A 16-year follow-up study on bancroftian filariasis in three communities of north-eastern Tanzania

Abstract
The results of a 16-year, parasitological and clinical, follow-up study on bancroftian filariasis in three villages in north-eastern Tanzania are reported and analysed with respect to the long-term development of microfilaraemia and disease. The study revealed an extraordinary static situation, both at the community level and at the individual level. No significant differences were observed in any of the three villages, with respect to total or age-specific prevalences of microfilaraemia, hydrocele in males aged ⩾20 years or leg elephantiasis in all subjects aged ⩾20 years, when the results from 1975 were compared with those from 1991. Overall, 542 of the subjects (37·2% of the total) examined in 1975 were re-identified and re-examined in 1991. Of those microfilaraemic in 1975, 81·9% were also microfilaraemic in 1991. Similarly, 81·3% of those amicrofilaraemic in 1975 were also amicrofilaraemic in 1991. Thus, most subjects had the same microfilarial (mf) status at both surveys. The low mf loss rate indicates that re-infection of microfilaraemic individuals commonly takes place, and results in repeated sequences of microfilaraemia in the same individuals. The rate of gain of microfilaramia was independent of age, thus indicating no age-related change in the examined population's susceptibility to develop or sustain microfilaraemia.
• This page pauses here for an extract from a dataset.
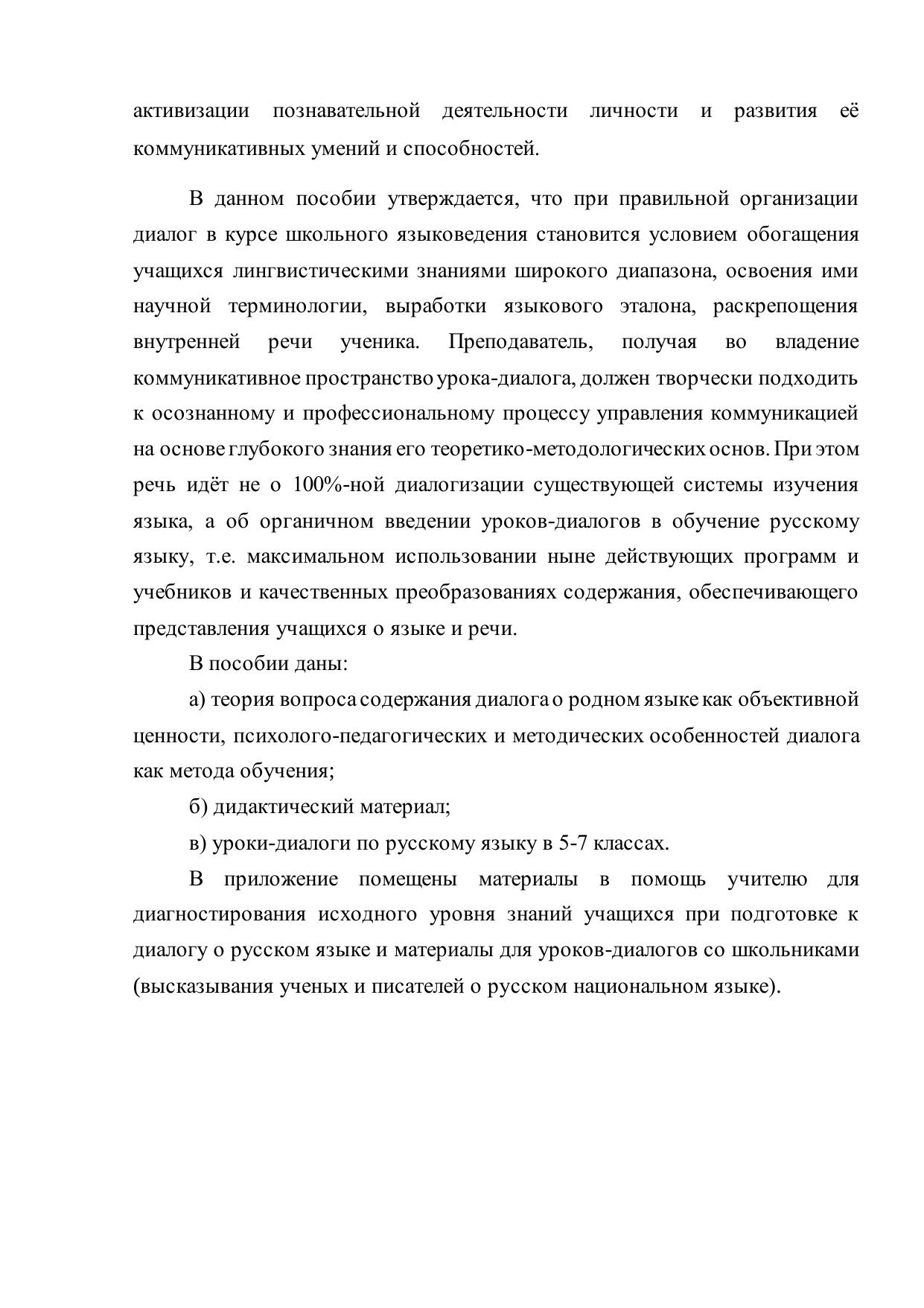 При правильной организации диалог в курсе школьного языковедения становится условием обогащения учащихся лингвистическими знаниями широкого диапазона, освоения ими научной терминологии, выработки языкового эталона, раскрепощения внутренней речи ученика. Диалог даёт людям возможность мыслить, общаться, передавать знания, информацию от одного поколения к другому, служит развитию и преемственности научной и художественной мысли, является основой духовной жизни народа.

Individual differences in susceptibility to develop microfilaraemia therefore appear to be innately determined, or to be acquired in pre-natal or early post-natal life. Neither the presence of hydrocele in 1991, nor the development of new cases of hydrocele over the 16-year period were related to the mf status in 1975 or 1991, and no association between microfilaraemia and this chronic clinical manifestation was observed. The association between leg elephantiasis and mf status could not be analysed because of the small sample size.